Irish Economy: Today we do a reality check on Ireland's ephemeral services export boom.
We do not aspire to be among "nattering nabobs of negativism" -- a term coined by the late William Safire, when he worked as a wordsmith for President Richard Nixon - - and this reality check is important as the end of tax avoidance schemes such as the Double Dutch Irish Sandwich, would mean that an official fairytale promoted by ministers, the Central Bank and even the Economic and Social Research Institute, will need to be revised.
Last February 5 ministers signed an official compendium of aspirations for trade and tourism, titled: 'Review of the Trade, Tourism and Investment Strategy 201-2015' [pdf]
'Strategy' along with 'world class' are part of the official lexicon of bromides and Enda Kenny, taoiseach, has had a tool-kit available over the past year in defence of the corporate tax system, adding in recent weeks, 'ethical' and 'ethically' -- George Orwell understood the use and abuse of words in politics and in his celebrated novel, Nineteen Eighty-Four, the character Syme is working on the definitive eleventh edition of a dictionary of Newspeak, a language of words that would not become obsolete before 2050. "'Don't you see that the whole aim of Newspeak is to narrow the range of thought? In the end we shall make thought crime literally impossible, because there will be no words in which to express it," Syme says to Winston Smith.
The February report says:
Ireland is a strong performer in services exports, which grew by 11% in 2012 and account for 50% of total Irish exports. This reflects the growth in ICT and e-business sectors with a number of Irish services companies and large foreign-owned multinationals operating and exporting from Ireland.
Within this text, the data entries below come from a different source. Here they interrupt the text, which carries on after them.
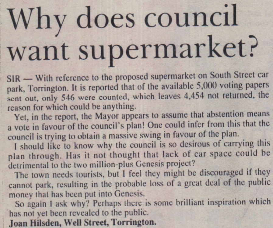 Joan Hilsden, Well Street, Torrington, is concerned about the voting process for the proposed new supermarket on South Street car park.
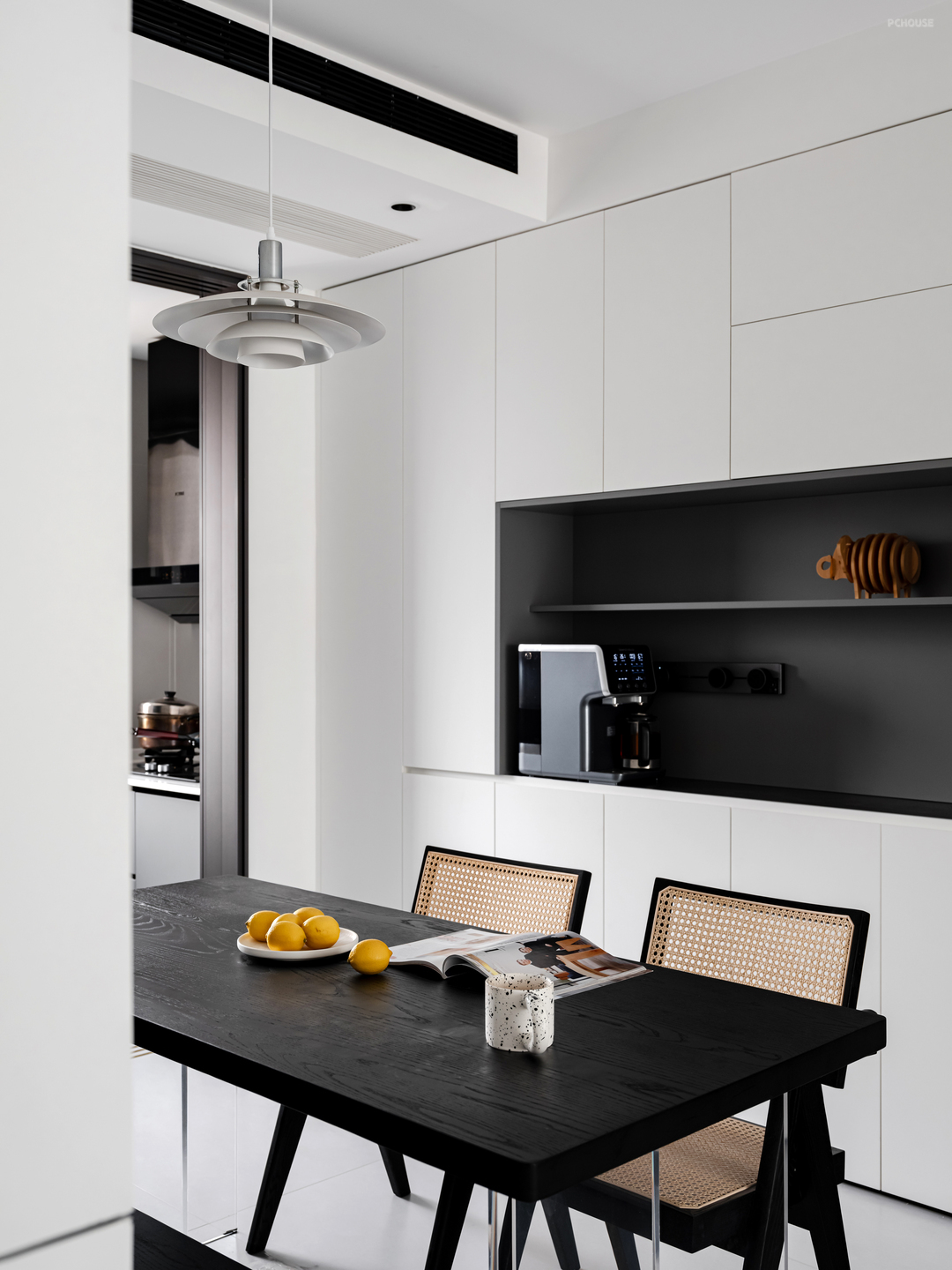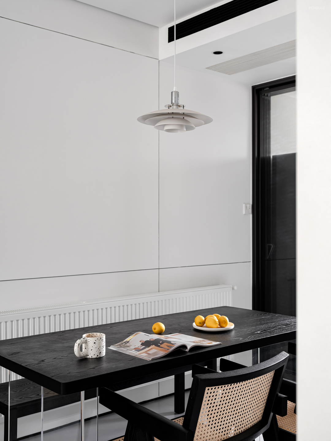 餐厅的装饰色调以黑色为主,这种色彩的运用不仅让整体空间显得稳重而内敛,更重要的是,它有效的将视线焦点引导到餐桌的主题元素上。黑色的背景为其他装饰和摆设提供了鲜明的对比,使它们更引人注目。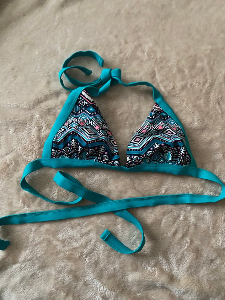 Turkuaz renkli, bağcıklı ve oturan kesimli bikini üstü, renkli tie-dye desenli ve boncuklu detaylara sahip, plaj için uygun.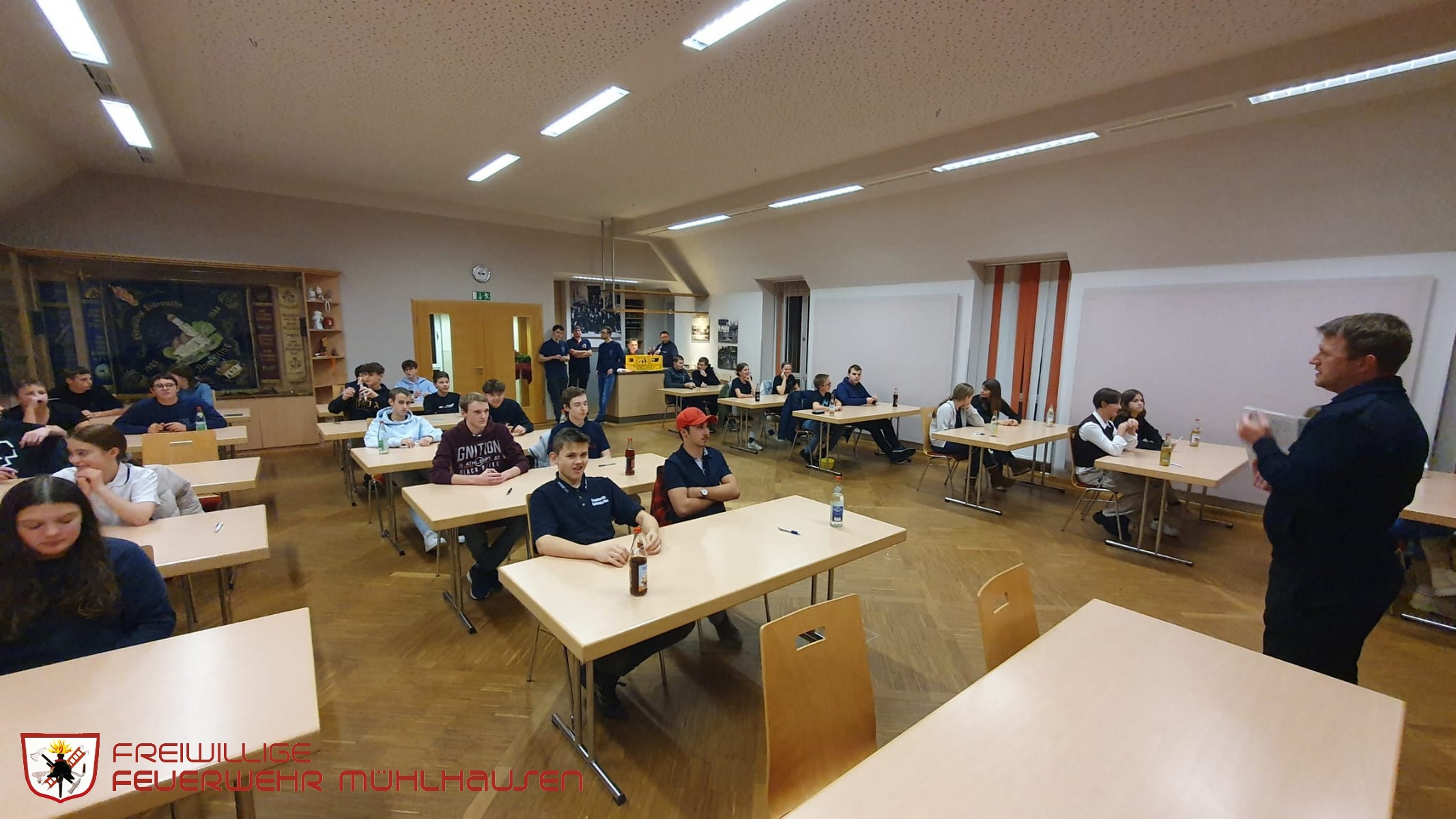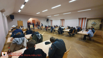 So kamen die Jugendlichen erstmals am 14. November in Anwalting zusammen, um die Theoriethemen zu besprechen. Da der Schwerpunkt des diesjährigen Wissenstests auf dem Thema Unfallverhütungsvorschriften lag, wurden Themen aus dem Bereich Einsatzkleidung (Was gehört zu einer Uniform? Was bedeuten verschiedene Kennzeichnungen auf einer Weste und Helm?), Unfallverhütung und -prävention (z. B. korrektes Auf- und Absitzen, korrektes Anschnallen, etc.) und der Umgang mit Einsatzmaterial (korrektes Tragen, etc.) besprochen. Abgerundet wurde der Übungsabend dann mit einem Westenmemory und verschiedenen Quizfragen.

Ireland is also home to the service operations of many manufacturing firms as well as financial services, leasing and computer services firms. Some important services sectors within the Irish economy include:
- Computer Services: accounting for 40% of total services exports in 2012, realising a 49% growth over a five year period."
Impressive indeed and Computer Services exports have sextupled since 2000 -- but these figures reflect accounting entries not economic activity in Ireland - - Microsoft had 99,000 employees worldwide in June 2013 and less than 700 at its Irish operations company was responsible for 24% of global revenues!
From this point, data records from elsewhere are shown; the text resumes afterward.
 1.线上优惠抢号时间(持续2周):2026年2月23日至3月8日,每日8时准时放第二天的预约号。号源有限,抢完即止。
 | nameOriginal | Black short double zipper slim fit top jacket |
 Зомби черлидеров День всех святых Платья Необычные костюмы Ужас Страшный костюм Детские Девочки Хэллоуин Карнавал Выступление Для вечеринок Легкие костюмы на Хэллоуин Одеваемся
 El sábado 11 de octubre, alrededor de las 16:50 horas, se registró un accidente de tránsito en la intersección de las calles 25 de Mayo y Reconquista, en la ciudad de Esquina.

Irish economists have in the past claimed that the surge in services exports reflected a move "up the value chain."
In 2012 total services exports valued at €90.2bn overtook merchandise exports for the first time and also there was a surplus in services trade for the first time, which enabled Ireland to report marginal GDP growth in that year rather than a contraction.
In 2013, total services exports were valued at €94.6bn and there was a surplus of €6bn, making a positive net exports contribution compared with a negative in goods.
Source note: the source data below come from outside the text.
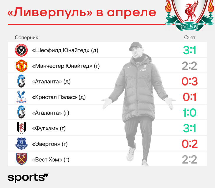 «Ливерпуль» закрыл провальный апрель гостевой ничьей с «Вест Хэмом» (2:2) и еще больше отдалился от борьбы за чемпионство. За месяц команда Юргена Клоппа выиграла всего два матча чемпионата из шести. Матч в Лондоне прошел по типичному для нынешнего «Ливерпуля» сценарию: ● Преимущество по ударам (28 – 11) и xG (1,64 – 0,7); ● Довольно необязательные голы: с углового в первом тайме и от Микаила Антонио во втором, когда нападающего упустил молодой защитник Джарелл Куанса, а «Ливерпуль» проводил лучший отрезок и давил; ● «Ливерпуль», казалось, перевернул игру сразу после перерыва – получилось быстро отыграться (забил Энди Робертсон) и повести в счете. Но на гол от Антонио ответов у мерсисайдцев на нашлось. Итог – 2:2. ● Звезда «Вест Хэма» Боуэн сделал 1+1. Для Джеррода это уже 16-й гол в Премьер-лиге – он настиг легендарного Паоло Ди Канио по мячам за сезон в АПЛ. «Мы должны были побеждать здесь, мы знали это, но не победили, и теперь у нас есть еще немного времени до следующей игры. Мы по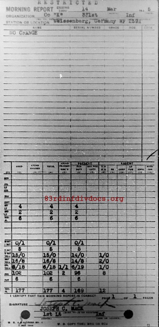 Morning report K/331 for March 14, 1945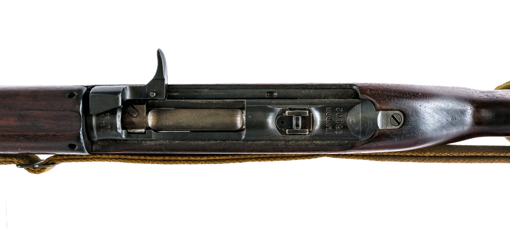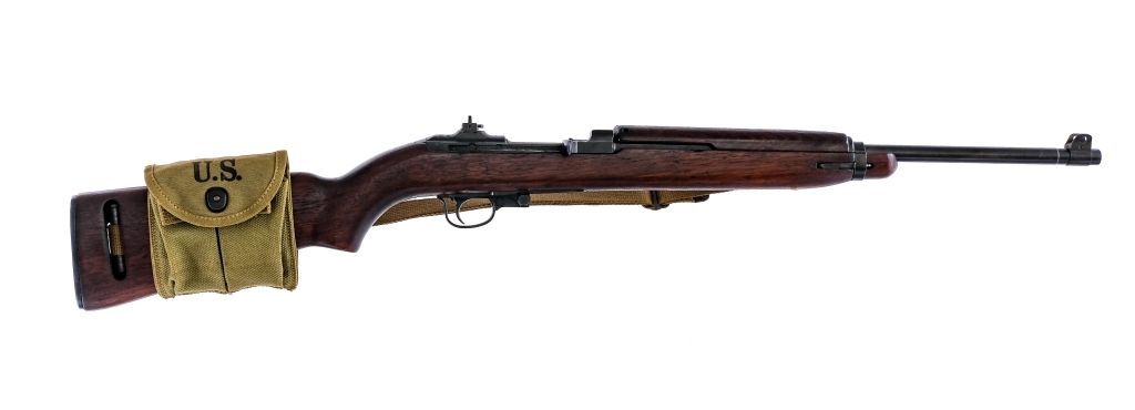 Description World War 2 Inland M1 Carbine chambered in .30 Carbine with a 18″ Barrel. The barrel is also manufactured by Inland and dated to 12-42. Early Inland receiver manufactured between 1942-1943 with serial number 96102. Protected front blade sight and rear early peep sight. Type 1 barrel band with mounted canvas horseshoe tab sling. Type 2 straight belly stock with high wood and oval oiler cut with oiler. Early two rivet top handguard. Early flat top style bolt. Cross bolt push button safety. Parkerized finish. The right side of the stock is marked with Cross cannons and boxed RIA cartouches. The stock has a canvass magazine pouch marked “G. & R. CO. 1943”. NO MAGAZINE INCLUDED. Must ship to a FFL or C&R holder. Condition: Very good with some light scratches, sharp edge wear, and general cosmetic handling wear. Normal light wear on the moving/internal parts from operation. Some light patina on some of the small parts. Light scratches and dings on the handguard. The stock has been sanded and refinished at some point, showing light wear. The stock cartouches are faded from being sanded but are still mostly visible. Bright and clean bore with strong rifling. Barrel Length: 18″ Serial: 96102 Manufacturer: INLAND (PREVIOUS MFG.) Year: 1942 Caliber: .30 Carbine Model: M1 Carbine Book# 07764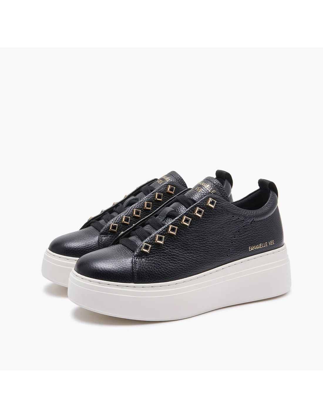 Fatti notare grazie a Le sneakers emanuelle vee in tonalità nero. Realizzate in composizione similpelle, garantiscono un mix perfetto di stile e praticità. Caratteristiche: Suola alta, In gomma, Logo, Pietre in applicazione laterale e chiusura con lacci. Perfette con jeans o abiti per un look urban-chic.

In 2013, we estimate that Google, Microsoft, Oracle and Facebook combined, were responsible for about €41bn of services exports and adding €6bn for other firms in excess company charging would give a total estimate of €94bn or 50% of services exports being tax-related or effectively fake.
Google books over 40% of its global revenues in Ireland; Facebook 50%; Microsoft about a quarter and Oracle 27% in its fiscal 2013.
As most of the revenues are offset with royalty and business services charges, the loss of these exports will not have a significant impact on the economy.
However, it will not be easy to spin away big changes in trade, productivity data and innovation metrics - - some of the foreign analysts who bought into the spin, will have to be convinced that the past was as durable as a Leprechaun's gold!
In Q1 2014, Google's revenues grew 19% year-on-year and Facebook's were up 72%.
So these ephemeral exports will continue to outpace real world ones until tax rules change.